OpenAI, the artificial intelligence (AI) company led by Sam Altman, is reportedly preparing to release GPT-5, the next generation of its multimodal large language model, in the coming months.
According to a Business Insider report citing two people familiar with the company, OpenAI could introduce GPT-5 sometime over the summer. The company has reportedly offered demos to enterprise customers, with one CEO who recently saw a version of GPT-5 describing it as “really good, like materially better.”
In March 2023, the company unveiled GPT-4. A refined iteration, known as GPT-4 Turbo, was introduced later that year.
“GPT-4 Turbo is more capable and has knowledge of world events up to April 2023,” OpenAI wrote in a blog post when it was introduced. “It has a 128k context window so it can fit the equivalent of more than 300 pages of text in a single prompt.”
In addition to developing GPT-5, OpenAI is also moving toward deploying its technology in humanoid robots through a collaboration with Figure AI. This partnership aims to accelerate Figure’s timeline by giving its humanoid robots the ability to process and “reason” from natural language.
The race to develop humanoid robots has intensified among big technology companies.
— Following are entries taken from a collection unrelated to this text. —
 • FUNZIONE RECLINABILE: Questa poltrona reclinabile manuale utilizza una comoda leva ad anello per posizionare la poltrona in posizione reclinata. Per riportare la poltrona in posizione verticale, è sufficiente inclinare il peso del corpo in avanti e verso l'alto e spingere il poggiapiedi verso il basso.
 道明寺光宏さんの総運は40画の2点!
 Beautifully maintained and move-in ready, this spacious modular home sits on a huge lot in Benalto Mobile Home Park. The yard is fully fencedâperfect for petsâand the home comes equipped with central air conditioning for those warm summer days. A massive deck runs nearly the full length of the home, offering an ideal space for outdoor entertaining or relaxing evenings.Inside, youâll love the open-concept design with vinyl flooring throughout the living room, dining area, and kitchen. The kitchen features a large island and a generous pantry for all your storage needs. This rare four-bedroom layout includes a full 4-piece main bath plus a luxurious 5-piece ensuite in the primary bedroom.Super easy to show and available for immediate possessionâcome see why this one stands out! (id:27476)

Nvidia recently announced Project GR00T, a general-purpose foundation model for humanoid robots, along with a new computer called Jetson Thor and its Isaac robotics platform upgrades.
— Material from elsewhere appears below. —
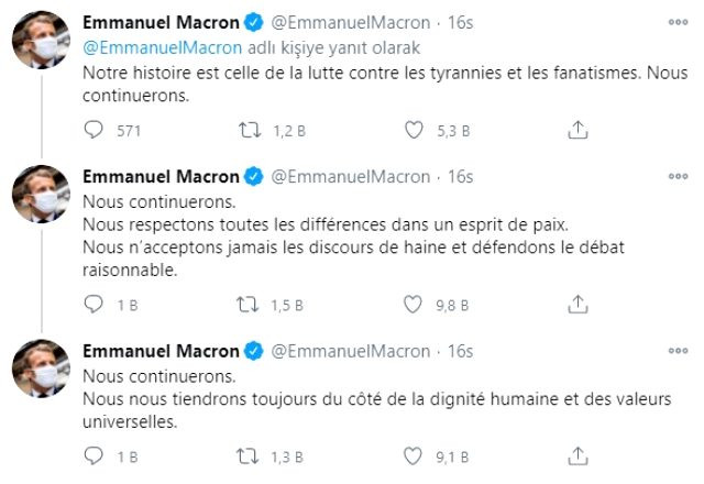 Macron Paylaşımında, "Asla pes etmeyeceğiz. Barış ruhu içinde tüm farklılıklara saygı duyuyoruz. Nefret söylemini kabul etmiyoruz ve mantıklı tartışmaları savunuyoruz. Her zaman insan onurunun ve evrensel değerlerin tarafında olacağız" ifadelerini kullandı.
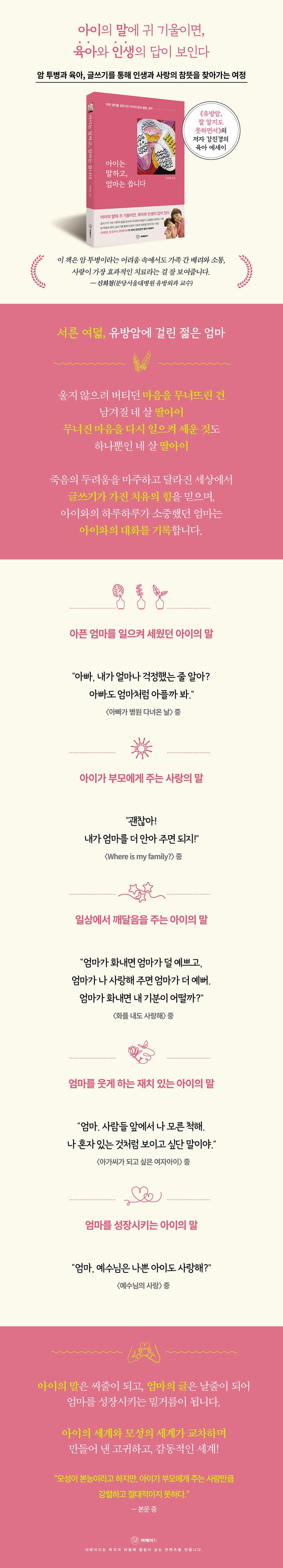 저자는 죽음의 두려움을 마주하고 달라진 세상에서 글쓰기가 가진 치유의 힘을 믿으며, 아이와의 소중한 매일의 대화를 기록한다. 아이의 보석같은 말들을 놓치지 않기 위해 스마트폰 메모장과 녹음 기능을 이용해 가면서 부지런히 기록하고 꾸준히 글을 쓴다. 아이의 말은 씨줄이 되고, 엄마의 글은 날줄이 되어 가족의 아픔을 포근하게 감싸는 담요가 되고, 엄마를 성장시키는 밑거름이 된다. 이 책에는 아이의 세계와 모성의 세계가 교차하며 만들어 낸 고귀하고 감동적인 세계가 담겨 있다. 저자는 “모성이 본능이라고 하지만, 아이가 부모에게 주는 사랑만큼 강렬하고 절대적이지 못하다”고 말한다.

Earlier this year, OpenAI unveiled Sora, AI software that can create hyper-realistic one-minute videos based on text prompts. Sora is in the red teaming phase, where the company identifies flaws in the system. Sora leverages a neural network, which has been trained using video examples, to turn written scene descriptions into high-definition video clips that can last up to 60 seconds. Its superior performance compared to other AI video creation tools has captivated both the movie and technology sectors.
The release of GPT-5 may take a bit longer because the red teaming process hasn’t started, which is an important step. A red team is a group that pretends to be an enemy, attempts a physical or digital intrusion against an organization at the direction of that organization, and then reports back so that the organization can improve its defenses.